Brahmer cited a notable case of 1 patient at Johns Hopkins, a heavily pretreated 61-year-old male former smoker diagnosed with locally advanced squamous NSCLC in 2008. He progressed after standard therapies and received nivolumab in February 2011; by April of that year, he demonstrated a partial response. Now, “6 years after nivolumab treatment initiation, the patient remains alive and well without evidence of progressive disease.” She noted that the patient had a high tumor mutational burden, with 314 total somatic mutations.

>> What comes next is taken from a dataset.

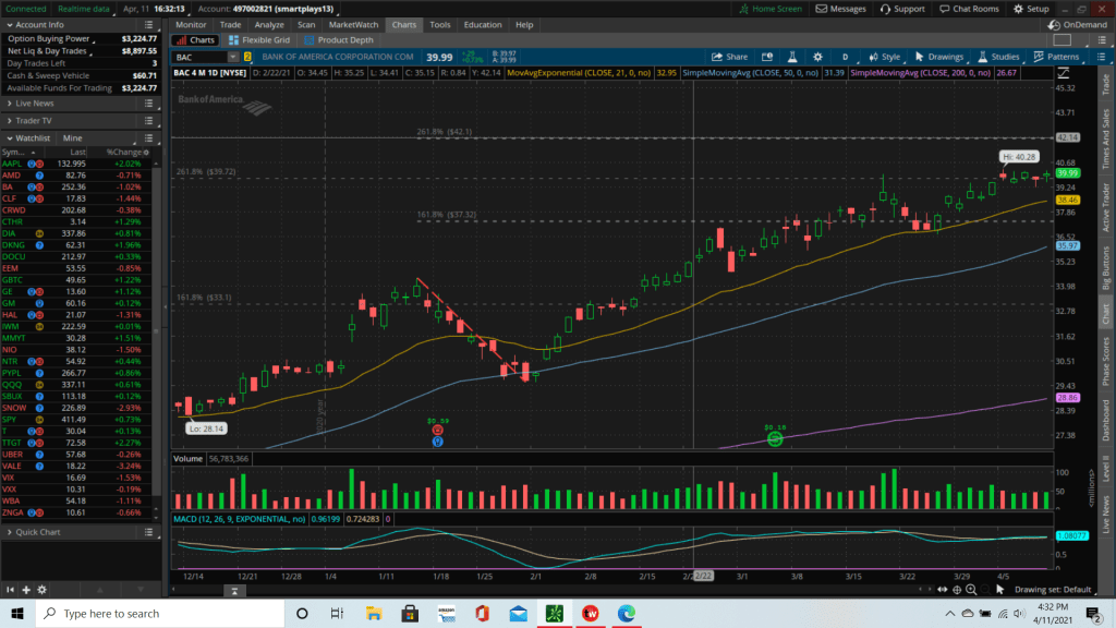 AMD showed one way to play an earnings report, but here’s one I like even better. BAC reports on April 15th before the market opens. We’re going to make a longer play on BAC’s continued strength by buying the August 42 strike call for $190, and we’re going to offset that cost by selling the May expiration 42 strike call against it for $78 credit. This is called a calendar spread, because you are spreading your options across the calendar, not at different prices. I chose August to buy because that will be after the NEXT BAC earnings report in July, and that call will retain a lot of its value as we head into THAT report, as long as the price action is good. I chose $42 because that appears to be a reasonable next target on the way up for BAC, given this chart.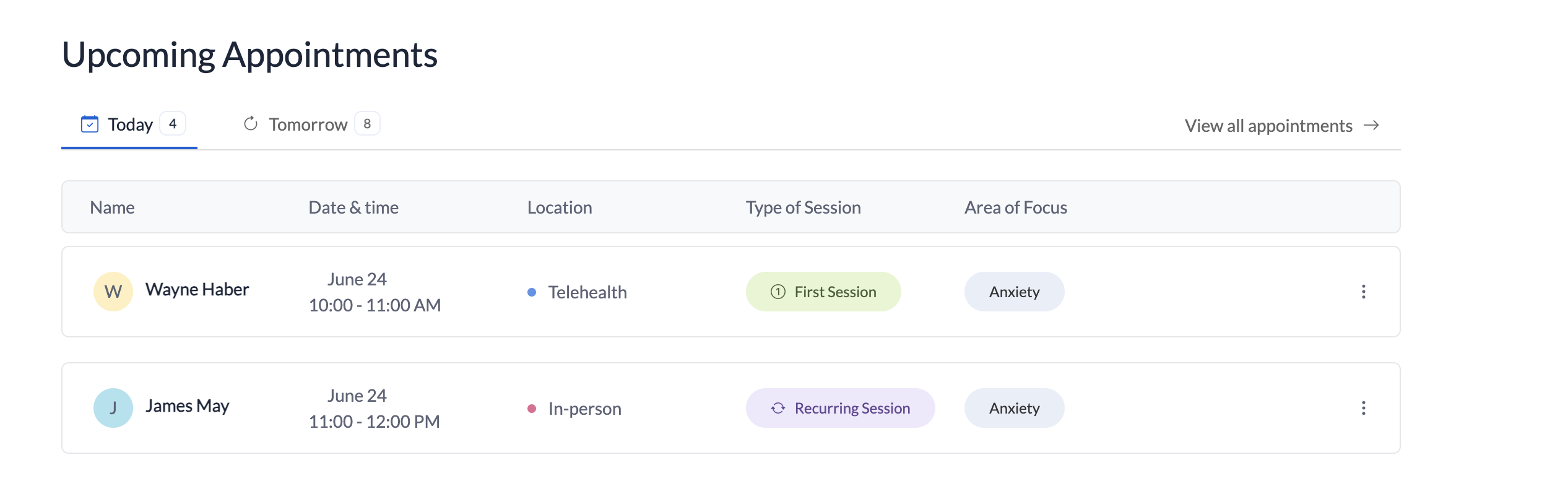 When you add a client, they’ll automatically receive free access to their own dedicated dashboard. This allows them to seamlessly manage appointments, join Telehealth sessions, and access their care form and intake forms—all in one place.

“This is the longest follow-up to date on patients with lung cancer receiving this therapy,” noted Suzanne Topalian, MD, professor of surgery and director of the Melanoma Program at Johns Hopkins Medicine, who moderated the session. “The 5-year OS really quadrupled the survival we would otherwise expect if these patients had received chemotherapy."
The findings shed additional light on the important topic of how long patients should remain on immunotherapy. When the phase III nivolumab trials were designed, it was unknown how long patients should be treated with the immunotherapy. These findings and other data, said Brahmer, suggest that "we can shorten the time patients require therapy, but we really need to be able to identify those patients who develop 'memory cells' to actually continue to combat their tumor long term.”
She added that ongoing trials are being amended to decrease the time on immunotherapy, but based on the research to date, in her view, "they don't need to be treated indefinitely. But, we want to be able to personalize this therapy and tell when is the best time to stop therapy."